В общении мой герой приятный, вежливый, практически никогда не употребляет бранных слов, несмотря на то, что в деревне мат употребляют прктически все. Всегда спокоен, чуток улыбается, и на первый взгляд – рубаха парень. Но это далеко не так. Попробуйте к нему прийти и попросить какой-нибудь инструмент. Он даст, вроде как с ленцой, чуток вальяжно, кажется и с той же своей обычной улыбочкой, но весь его облик будет при этом таким, что ты уже больше никогда к нему с подобной просьбой не придешь. Позже, узнав его получше, я понял, что он презирал мужиков, у которых руки росли из известного места, и которые сами ничего не имели и не умели по причине большой дружбы с водочкой.

Сам Гаврилыч водочку не игнорировал. Был не прочь выпить после баньки, или в компании таких, как я приезжих мужичков-рыбаков. Однако, меру знал и пьяным его никто никогда не видел. Словоохотлив, речь плавная, несколько с претензией на литературность. Частенько к месту и не к месту вставлял свое коронное «что характерно». К примеру, скажу я что-нибудь по текущим событиям в мире, сидя вечерком после зимней рыбалки у него за столом, он выслушает, а потом скажет: «вроде ты, Георгий, все правильно говоришь, однако же я туточки выставлю тебе афронт… дела эти, что характерно, понимать нужно так, что в данном случае Америка, что характерно, никак не хочет замириться с Советским союзом и по такой причине завсегда у нас с ёй будет конфронтация, а другой раз, и ажитация всенепременная.» Вот и понимай, что он этим сказал. Историй занимательных Гаврилыч знал великое множество, рассказывал их с большим удовольствием. Частенько мы засиживались, слушая все эти житейские перипетии, далеко за полночь. При всем при этом сам он был скромный, о себе почти ничего не говорил, и я с удивлением узнал совсем незадолго до его смерти, что он воевал на фронте в одной батарее с Солженицыным, который до своего ареста был командиром его батареи. Когда он об этом как-то случайно обмолвился, я начал его расспрашивать подробности о том, каков был в жизни Солженицын. Гаврилыч как-то весьма сухо и совсем скупо его охарактеризовал, и увел разговор в другую сторону. Слов его уже точно не помню, но смысл их свелся к тому, что был Солженицын человеком сам в себе и по себе, с людьми сух и весьма необщителен. Держал начальническую дистанцию, и свой офицерский паек с батареей не делил. Короче, люди его вроде бы и уважали, но не любили, и был он на отшибе в коллективе. Разговор о Солженицыне заходил еще пару раз, и как-то Гаврилыч даже рассказал, как происходил арест писателя. Опять было видно, что ему эта тема чем-то не особо приятна, и мы больше его не тревожили по этой части. К слову сказать, герой мой пережил своего фронтового командира года на полтора.

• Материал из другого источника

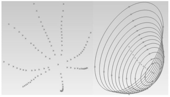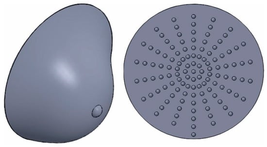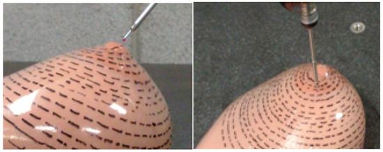To take the measurements on the medical mannequin, concentric circles were traced along the surface of the mannequin’s breast, which were distributed uniformly [39]. The measurement time for a single breast with the available coordinate measuring machine took 5 min.
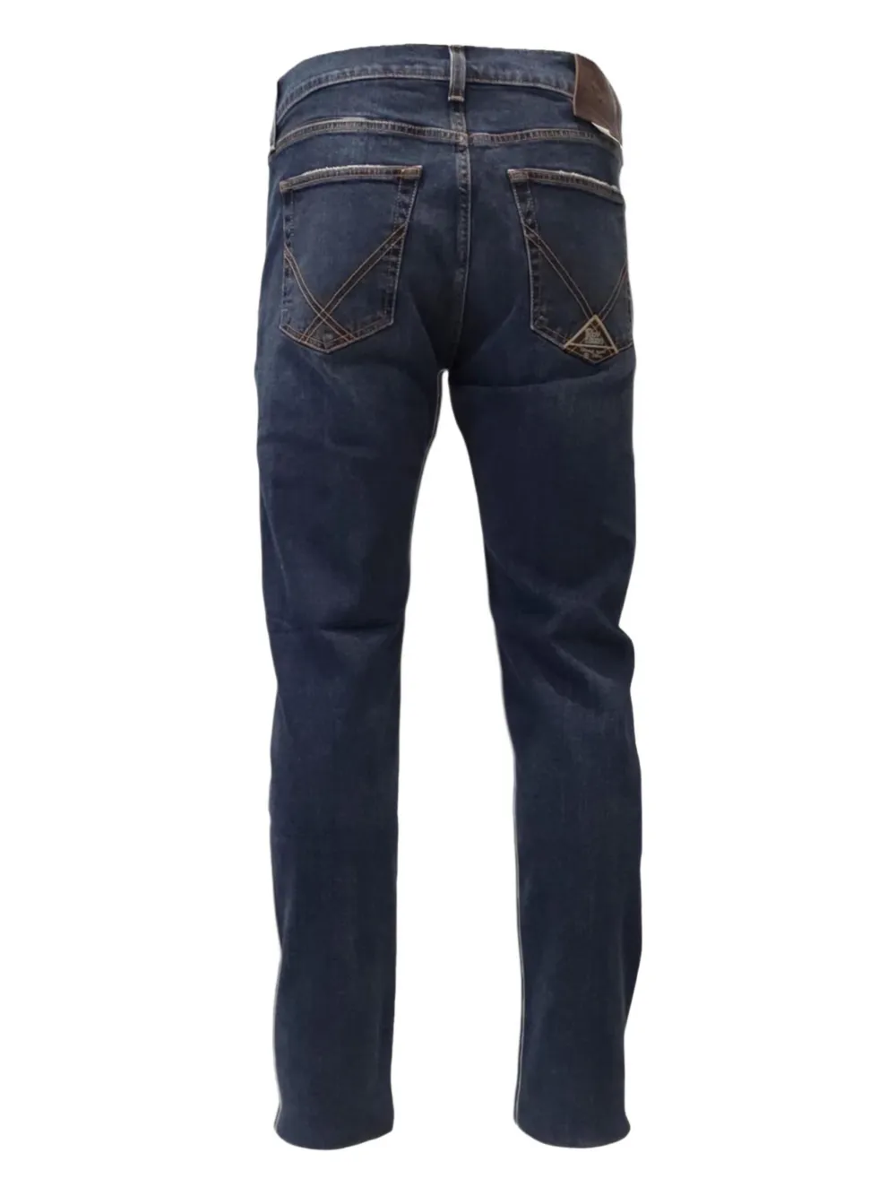 blue logo patch belt loops button fastening
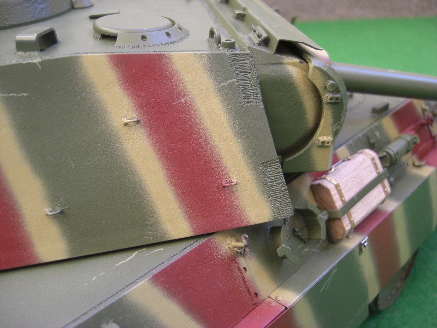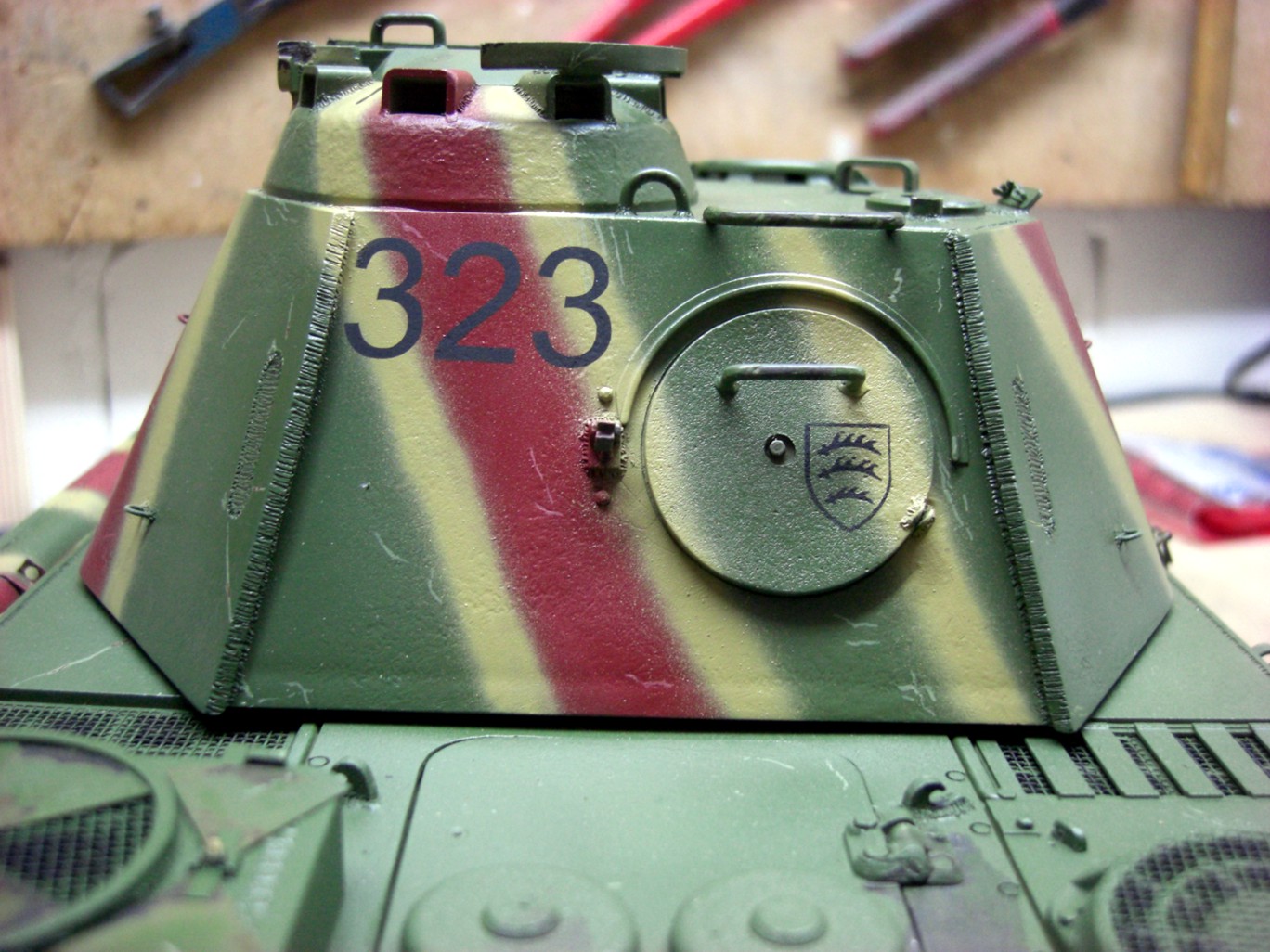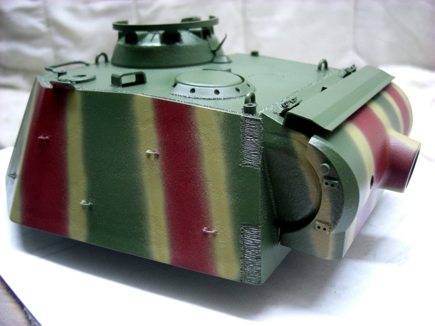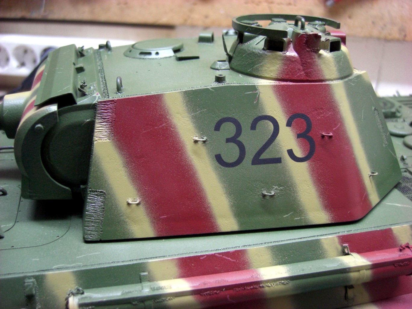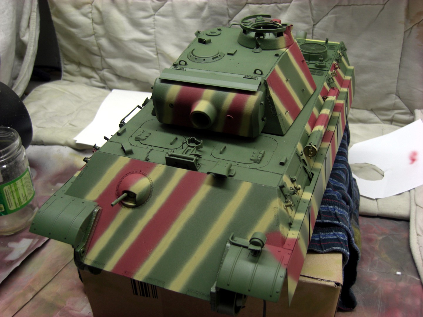 Soon it will go on and it will be exciting; coating the camouflage pattern on the tank…

Общаясь с ним, я узнал великое множество подробностей жизни страны в военное время, поведано было столько жизненных историй, в которых во всем своем удивительном многообразии видна был жизнь народа нашей страны в его основе, в самых глубинах низового ее слоя, если так можно выразиться применительно к обществу.

Толян

Толян – здоровенный мужик лет около пятидесяти. Фигура его нескладна, руки длинные, до колен, ладони, как лопаты, обувь носит сорок последнего размера, голова не пропорционально размерам тела мала. Трезвым бывает крайне редко, в основном только по утрам. Путем-добром нигде не работает, на что живет, и где добывает деньги на спиртное – одному богу известно. Жена его давным-давно оставила, и уехала жить в соседнее село километров за тридцать. Есть у него дочка, тихая, очень добрая и спокойная девочка лет десяти-двенадцати со светлыми волосами и милыми конопушечками. Она живет с матерью, но часто приезжает навестить непутевого отца.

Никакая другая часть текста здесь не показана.